START PROVIDED DATA

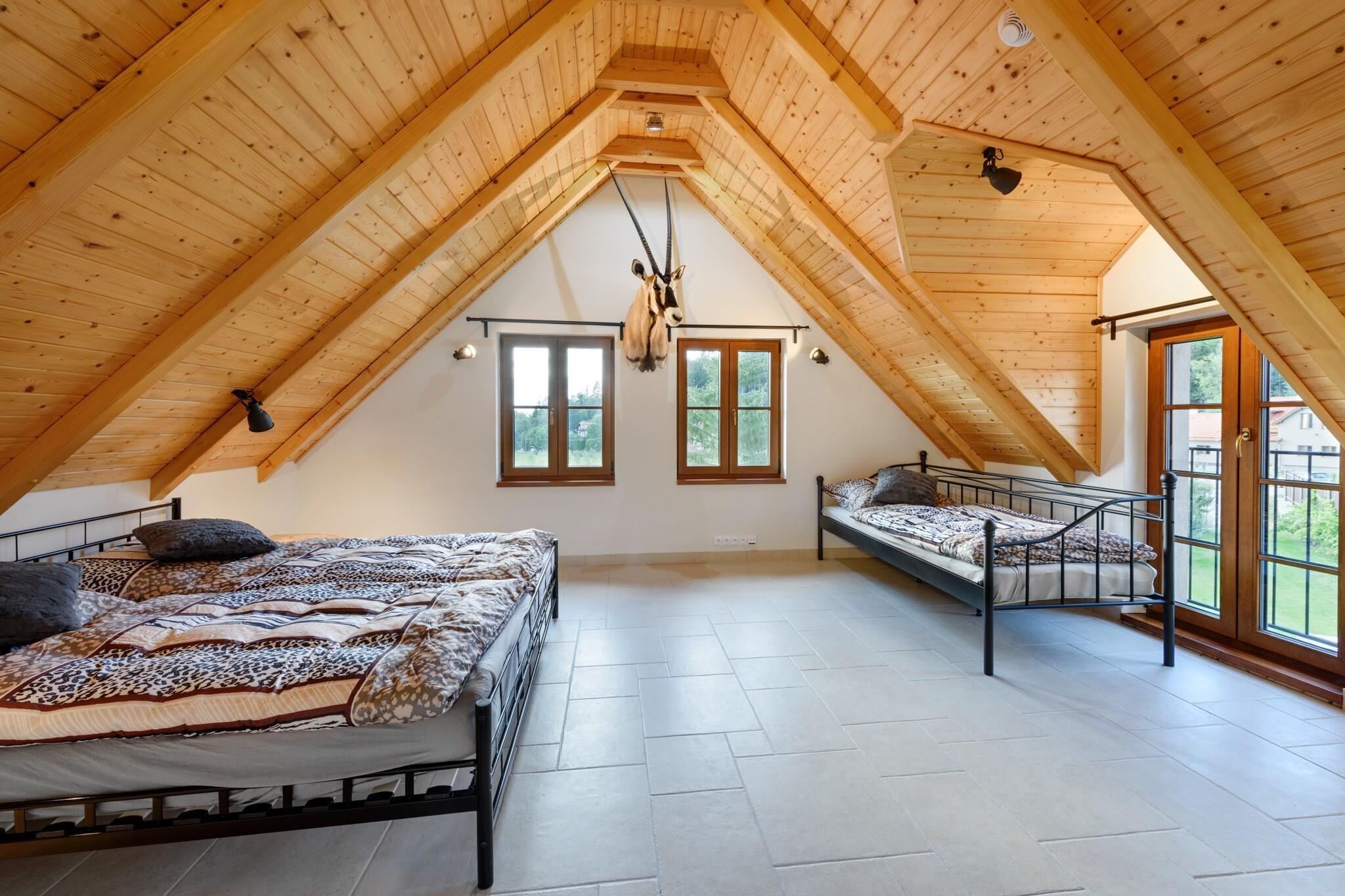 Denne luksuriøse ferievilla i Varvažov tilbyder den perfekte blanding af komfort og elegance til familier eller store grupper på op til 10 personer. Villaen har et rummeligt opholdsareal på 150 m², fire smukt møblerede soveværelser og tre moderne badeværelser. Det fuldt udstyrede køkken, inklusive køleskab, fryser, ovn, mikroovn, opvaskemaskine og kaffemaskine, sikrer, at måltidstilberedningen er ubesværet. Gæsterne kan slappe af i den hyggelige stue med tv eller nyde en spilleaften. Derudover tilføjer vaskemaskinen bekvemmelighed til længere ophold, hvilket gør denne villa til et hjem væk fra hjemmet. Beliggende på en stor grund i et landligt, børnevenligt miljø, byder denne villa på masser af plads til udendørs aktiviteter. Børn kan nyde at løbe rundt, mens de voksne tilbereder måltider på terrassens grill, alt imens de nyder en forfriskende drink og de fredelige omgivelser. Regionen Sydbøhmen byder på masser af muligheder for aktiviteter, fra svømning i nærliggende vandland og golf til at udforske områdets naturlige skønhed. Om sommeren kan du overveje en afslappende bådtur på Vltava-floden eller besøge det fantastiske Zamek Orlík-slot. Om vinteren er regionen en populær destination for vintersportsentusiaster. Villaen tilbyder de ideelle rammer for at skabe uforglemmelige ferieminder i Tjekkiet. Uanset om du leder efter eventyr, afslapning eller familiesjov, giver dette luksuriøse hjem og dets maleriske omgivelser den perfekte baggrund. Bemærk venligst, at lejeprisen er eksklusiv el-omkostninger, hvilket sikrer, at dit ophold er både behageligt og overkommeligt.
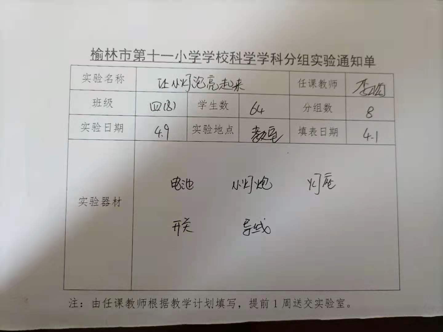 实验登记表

END PROVIDED DATA
START PROVIDED DATA

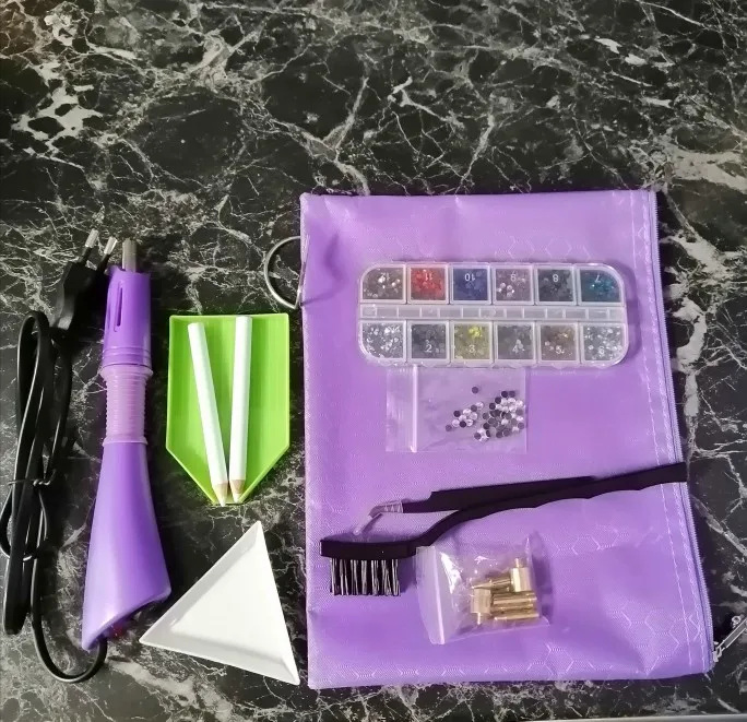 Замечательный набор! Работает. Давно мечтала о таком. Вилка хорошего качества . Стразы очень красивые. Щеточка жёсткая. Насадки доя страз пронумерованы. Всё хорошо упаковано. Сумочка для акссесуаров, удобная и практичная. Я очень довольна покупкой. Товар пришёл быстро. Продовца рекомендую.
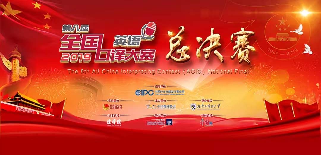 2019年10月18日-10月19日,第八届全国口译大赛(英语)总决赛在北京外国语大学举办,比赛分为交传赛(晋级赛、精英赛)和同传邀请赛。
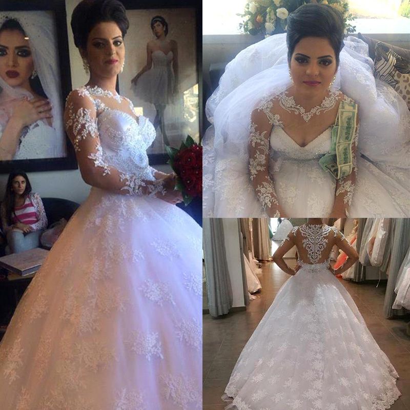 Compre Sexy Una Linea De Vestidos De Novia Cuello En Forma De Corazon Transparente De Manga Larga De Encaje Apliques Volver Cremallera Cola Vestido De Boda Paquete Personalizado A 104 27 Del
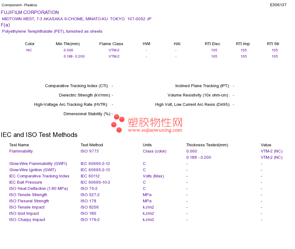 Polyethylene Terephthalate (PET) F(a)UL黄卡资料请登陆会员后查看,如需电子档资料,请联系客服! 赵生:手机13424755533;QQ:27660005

END PROVIDED DATA

[WORK INSTRUCTIONS] What you write out is the stretch of entries from the line containing "Compre Sexy Una" to the line containing "Polyethylene Terephthalate (PET)", word for word, with both end lines and no pictures.

[EXERCISE OUTPUT]
 Compre Sexy Una Linea De Vestidos De Novia Cuello En Forma De Corazon Transparente De Manga Larga De Encaje Apliques Volver Cremallera Cola Vestido De Boda Paquete Personalizado A 104 27 Del
 Polyethylene Terephthalate (PET) F(a)UL黄卡资料请登陆会员后查看,如需电子档资料,请联系客服! 赵生:手机13424755533;QQ:27660005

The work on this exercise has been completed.